Reviews / February 27, 2017
The Uninvited: A True Story
By Clive Harold
W.H. Allen, 1979
Not many books have actually changed my life, but The Uninvited is one of those that did. Somehow, it coalesced the long-accumulating supernatural- and UFO-related ephemera I had been cramming into my eyes and ears at every opportunity and weaponized it against me, burning into the pulp of my 10-year-old brain a series of images frightening enough to disturb me profoundly for many years afterwards.
Inhabiting as it did the overlap of the paperback pulp horrors of James Herbert’s The Rats (1974) and the felt-tip esotericism of The Unexplained—whose weekly editions he was proudly compiling—The Uninvited immediately presented itself as ideal reading for my dad, and, as soon as the book had left the commute between bedside table and toilet that formed his reading cycle, I appropriated it for myself. The front cover threatened that the book was true but that I would “wish it wasn’t,” while the back cover revealed that The Uninvited was set in Wales. My infrequent visits to the maternal homeland were already experiences far too close to alien abduction for my liking: vast, unearthly spiders ranged the uneven walls, bizarre foodstuffs were consumed with alacrity, and the native language was a terrifying catarrhic rasp.

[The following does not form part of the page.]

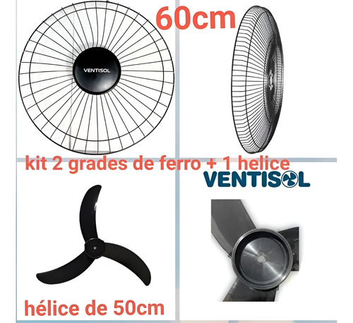 | Kit grade dianteira e grade traseira 60cm Ventilador ventisol original As grades medem 60cm Material da grade : ferro Somos revenda e autorizada Ventisol |

I’d been to farmhouses like the one featured in the bad-trip-Andrew-Wyeth cover art—they were worrying enough without radioactive spacemen pursuing you through their gloomy rooms. (One inexplicable detail about the cover art still troubles me: for years, I’d presumed that the top right bedroom window was blue because my mum had distractedly colored it in with a biro while she chatted on the phone, as she was wont to do to anything left lying around, but now I know that the same blue window exists on all copies, like some kind of coded, extraterrestrial message.)

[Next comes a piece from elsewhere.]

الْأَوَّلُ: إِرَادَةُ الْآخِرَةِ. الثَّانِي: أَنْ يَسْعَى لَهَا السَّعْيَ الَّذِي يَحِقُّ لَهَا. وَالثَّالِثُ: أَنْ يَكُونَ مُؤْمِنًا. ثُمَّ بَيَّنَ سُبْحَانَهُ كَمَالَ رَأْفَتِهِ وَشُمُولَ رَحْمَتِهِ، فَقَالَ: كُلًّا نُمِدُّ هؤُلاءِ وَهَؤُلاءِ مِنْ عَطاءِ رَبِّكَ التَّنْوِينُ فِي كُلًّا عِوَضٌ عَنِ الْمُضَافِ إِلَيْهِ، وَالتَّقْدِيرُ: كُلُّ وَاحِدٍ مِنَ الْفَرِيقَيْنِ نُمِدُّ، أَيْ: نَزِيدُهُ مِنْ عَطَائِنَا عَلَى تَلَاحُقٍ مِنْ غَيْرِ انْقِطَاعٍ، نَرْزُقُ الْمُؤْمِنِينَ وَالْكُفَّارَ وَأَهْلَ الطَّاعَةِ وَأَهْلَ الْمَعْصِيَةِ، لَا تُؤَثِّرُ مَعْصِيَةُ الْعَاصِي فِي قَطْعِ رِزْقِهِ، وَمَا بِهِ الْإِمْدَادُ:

My own testing experiences of Cymru (where The Uninvited takes place), however, were insignificant compared to the ordeal faced by the Coombs clan, a bluff, no-nonsense family of Welsh farmers who unwittingly became part of the West Wales UFO flap of 1977 when their farm, Ripperstone (situated in the vaguely defined and ludicrously named “Welsh Triangle”), became the epicenter for an increasingly frightening series of events, which author Clive Harold—a journalist who had befriended the family—transforms into memorably damaging set pieces. Disembodied hands floating through the air, radiation burns, pets driven mad by contact with unearthly beings, threatening Men in Black-types driving silent, silver space cars, entire herds of cows teleported back and forth, and the pièce de résistance—which made it practically impossible for me, well into my thirties, to sit near a downstairs window after dark without going into a state of near panic—the brazen appearance of a spacesuit-clad alien outside the family’s living room window as they sat watching the telly. Never was the violation of the British hearth by the outside world rendered more absurdly or more unnervingly. In many ways, The Uninvited reads like a ghost story uncluttered by the dusty Edwardian rules of good manners normally governing such stuff.

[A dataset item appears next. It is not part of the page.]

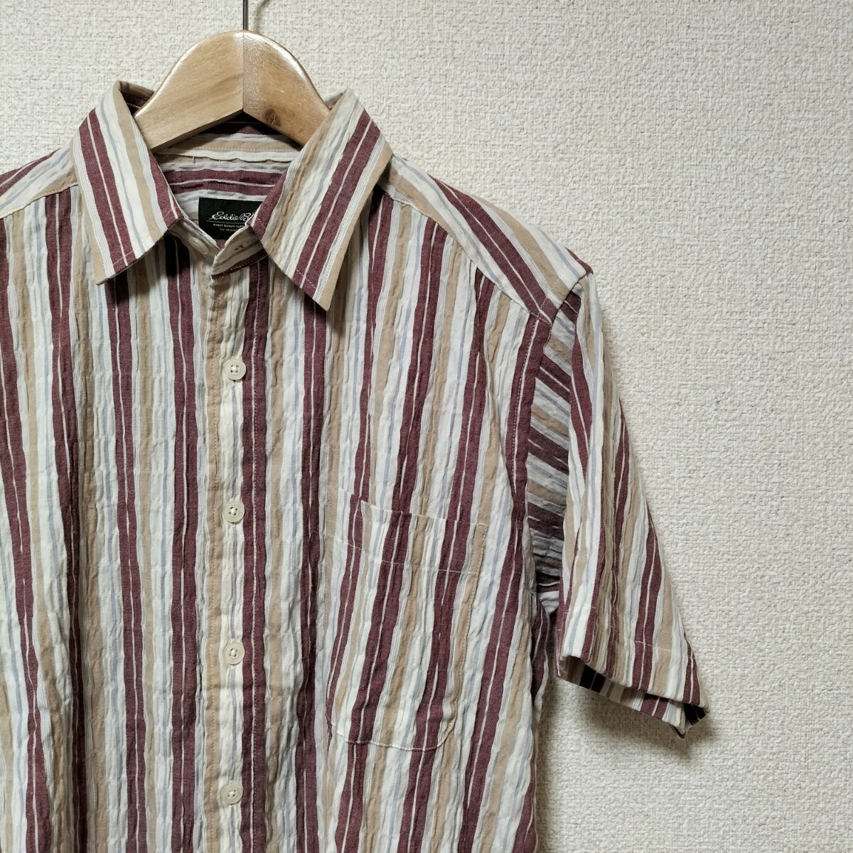 > 美品☆Eddie Bauer シアサッカー コードレーン 半袖 シャツ トップス マルチカラー ストライプ メンズ サイズS エディーバウアー 古着 USED

The contrast between the surreal pointlessness of the episodes that afflict the Coombs family and the grey mundanities of British life in the 1970s only makes the whole more terrifying, and the agenda of the family’s visitors seems to be, quite simply, to drive them insane. The writing is effective (despite the simple country folk’s incongruous habit of speaking in bursts of erudite exposition), and the book reveals the thirst for horror and shock that lies beneath much of UFO literature. There was even an abridged version of the (already fairly short) “true story,” presumably to satisfy those eager to access its traumas without wasting time on character development or descriptions of farming life.
Despite the third act suggestion that the extraterrestrial forces might be trying to warn the Coombs of some forthcoming catastrophe, and despite the knowledge that, years later, a local businessman admitted to having pranked several locals while clad in a silver suit borrowed from an oil refinery, revisiting The Uninvited still makes me uneasy. Reading it again reminds me that, given the right stimulation, an overactive imagination can drive one half-mad with fear, which is probably what happened to the Coombs family, and certainly what happened to me at age ten.
There’s a peculiar little coda to the story, too. When Prince Charles made a royal visit to the offices of The Big Issue (a British magazine sold by the homeless to allow them a small income) in 1997, he was greeted by a penniless Clive Harold, who, before writing about the Coombs family, had been a reporter for right-wing British tabloid The Sun, as well as a schoolmate of the Prince of Wales at the exclusive Hill House prep school.
UFO-Dynamics: Psychiatric and Psychic Aspects of the UFO Syndrome
By Berthold Erich Schwartz, M.D.
Rainbow Books, 1983 (Revised Edition 1988)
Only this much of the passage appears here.